SECTION 1.4 Portfolio Criteria.
(a) Clause (g) of the Portfolio Criteria in Annex B of the Credit Agreement is deleted in its entirety and replaced with the following:
g. The sum of the aggregate unfunded commitments under Delayed Drawdown Loans that are Collateral Assets and the aggregate unfunded and funded commitments of Revolving Loans that are Collateral Assets may not exceed 20% of the Aggregate Assigned Value; provided that the sum of the aggregate unfunded and funded commitments of Revolving Loans that are Collateral Assets may not exceed 5.0% of the Aggregate Assigned Value;
(b) Clause (l) of the Portfolio Criteria in Annex B of the Credit Agreement is deleted in its entirety and replaced with the following:
l. The Assigned Value of all Eligible Collateral Assets which are Partial PIK Assets may not exceed 15.0% of the Aggregate Assigned Value.
ARTICLE II
MISCELLANEOUS
SECTION 2.1 Effectiveness of Amendments. Each amendment set forth in this Agreement shall be effective upon the satisfaction or waiver of each of the following conditions precedent:
(a) the Administrative Agents receipt of executed counterparts of this Agreement;
(b) unless waived by the Administrative Agent, the Company shall have paid all fees, charges and disbursements of counsel to the Administrative Agent (directly to such counsel if requested by the Administrative Agent) to the extent invoiced prior to or on the date hereof, plus such additional amounts of such fees, charges and disbursements as shall constitute its reasonable estimate of such fees, charges and disbursements incurred or to be incurred by it through the closing proceedings (provided that such estimate shall not thereafter preclude a final settling of accounts between the Company and the Administrative Agent);
(c) all documentation and other information that the Administrative Agent or such Lender requests in order to comply with its ongoing obligations under applicable know your customer and anti-money laundering rules and regulations, including the Act; and
(d) the Administrative Agents receipt of a favorable opinion of Dechert LLP, counsel to the Company, addressed to the Administrative Agent and each Lender, as to the matters concerning corporate enforceability of this Agreement.

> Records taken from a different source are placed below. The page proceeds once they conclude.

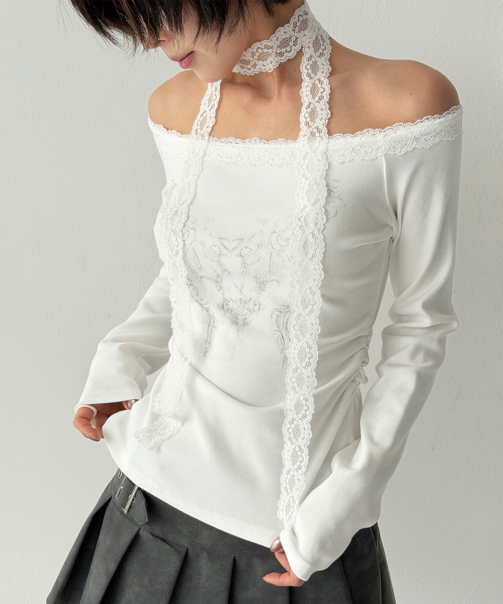 감각적인 그래픽과 섬세한 레이스 트리밍이 특징인 티셔츠입니다.
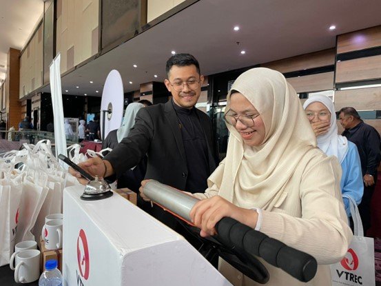 Encik Aniq Denial Fauzi, Executive of VTREC teaches and assists the crowd on how easy and how fast to apply a steering lock via game.
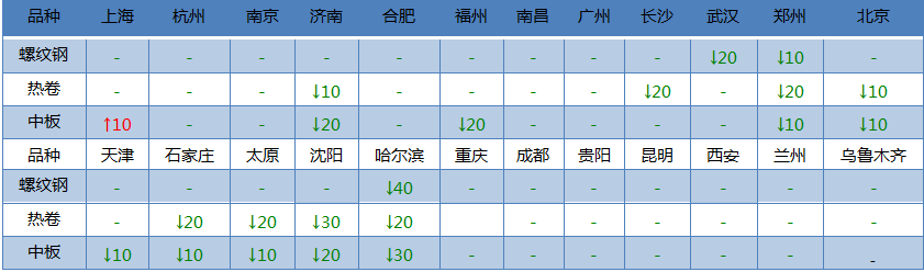 螺紋鋼24個(gè)市場中3個(gè)市場下跌10-20, 20mmHRB400E平均價(jià)格3724元/噸,較上個(gè)交易日下調(diào)3元/噸。
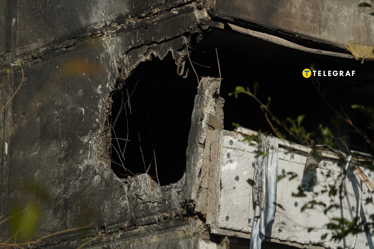 Також на фото можна побачити, що частина багатоповерхівки згоріла.

SECTION 2.2 Representations and Warranties of the Company. The Company hereby represents and warrants to the Administrative Agent and the Lender that:
(a) the representations and warranties contained in the Credit Agreement (i) to the extent already qualified with respect to material matters or Material Adverse Effect, are true and correct as of the date hereof in respect of this Agreement, except to the extent that such representations and warranties expressly refer to an earlier date, in which case they are true and correct as of such earlier date and (ii) to the extent not already qualified with respect to material matters or Material Adverse Effect, are true and correct in all material respects as of the date hereof in respect of this Agreement, except to the extent that such representations and warranties expressly refer to an earlier date, in which case they are true and correct in all material respects as of such earlier date; and
(b) no Default or Event of Default has occurred or is continuing.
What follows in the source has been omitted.